↓↓↓
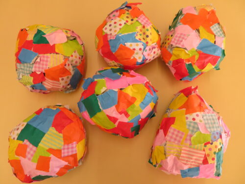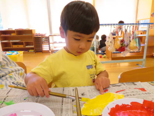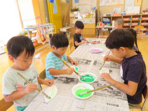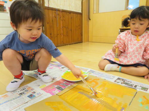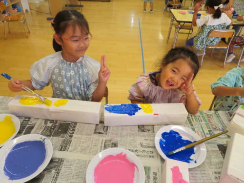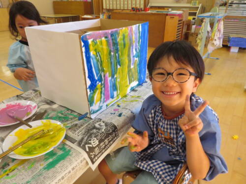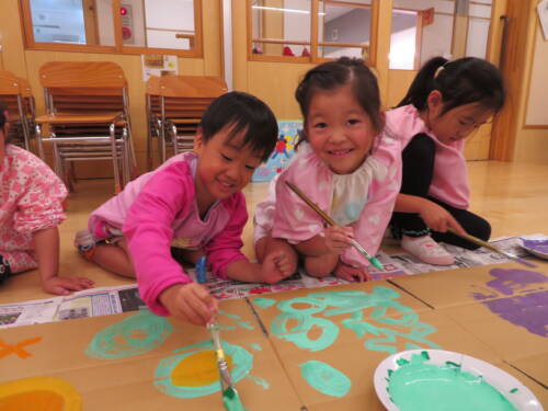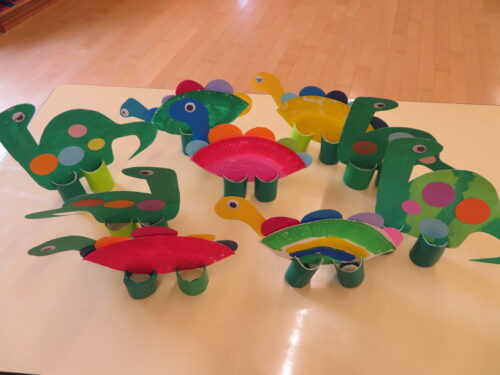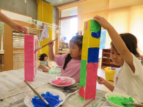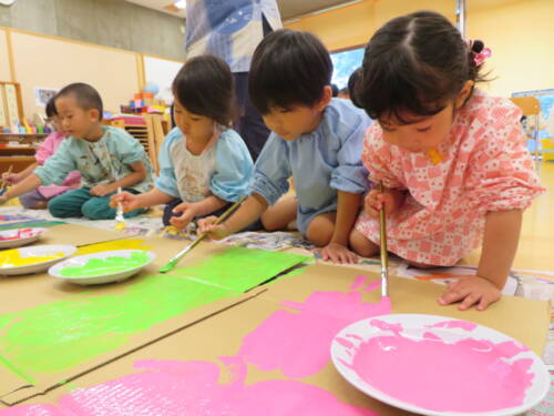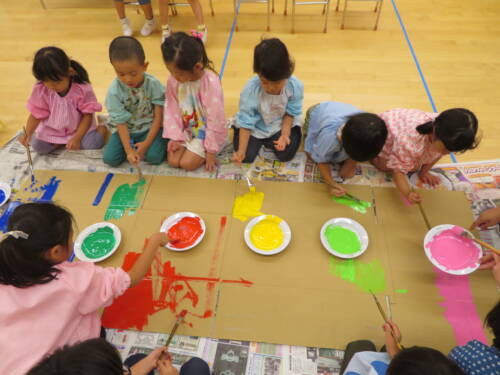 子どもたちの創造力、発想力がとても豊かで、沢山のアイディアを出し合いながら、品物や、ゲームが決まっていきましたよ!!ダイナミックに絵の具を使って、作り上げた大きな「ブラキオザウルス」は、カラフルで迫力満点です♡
↑↑↑
↓↓↓
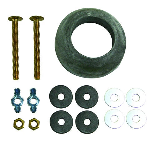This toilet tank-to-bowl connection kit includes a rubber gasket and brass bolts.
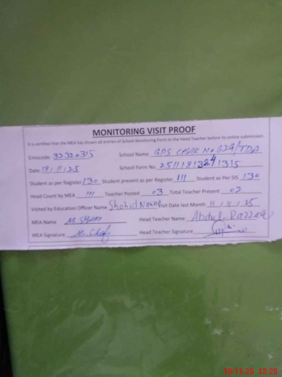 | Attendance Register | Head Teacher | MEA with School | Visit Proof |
↑↑↑
↓↓↓
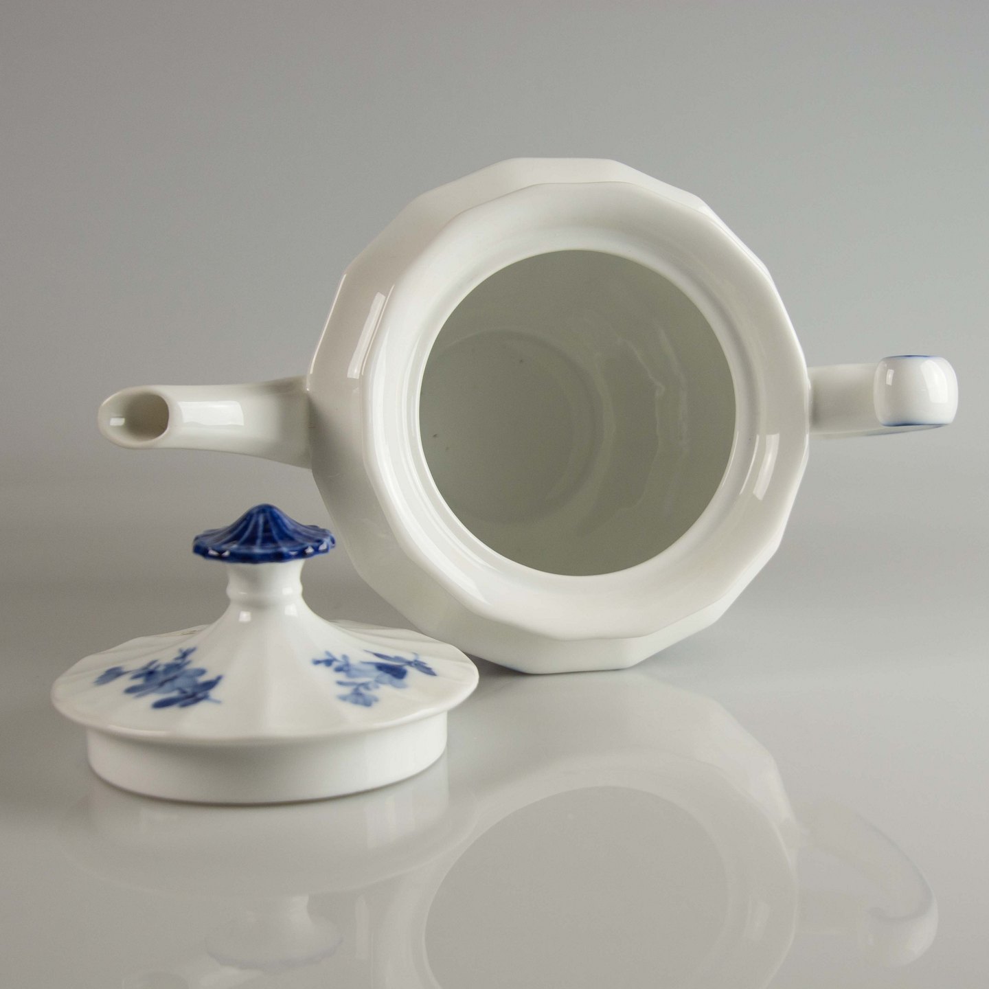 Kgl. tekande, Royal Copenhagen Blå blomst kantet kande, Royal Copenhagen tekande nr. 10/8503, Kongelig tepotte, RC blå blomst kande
↑↑↑
# [Directions]
Exactly the lines above, from the one containing "This toilet tank-to-bowl" down to the one containing "Visit Proof |", are to be repeated, including both ends. Pictures are not part of the copy.

# [Answer space]
This toilet tank-to-bowl connection kit includes a rubber gasket and brass bolts.
 | Attendance Register | Head Teacher | MEA with School | Visit Proof |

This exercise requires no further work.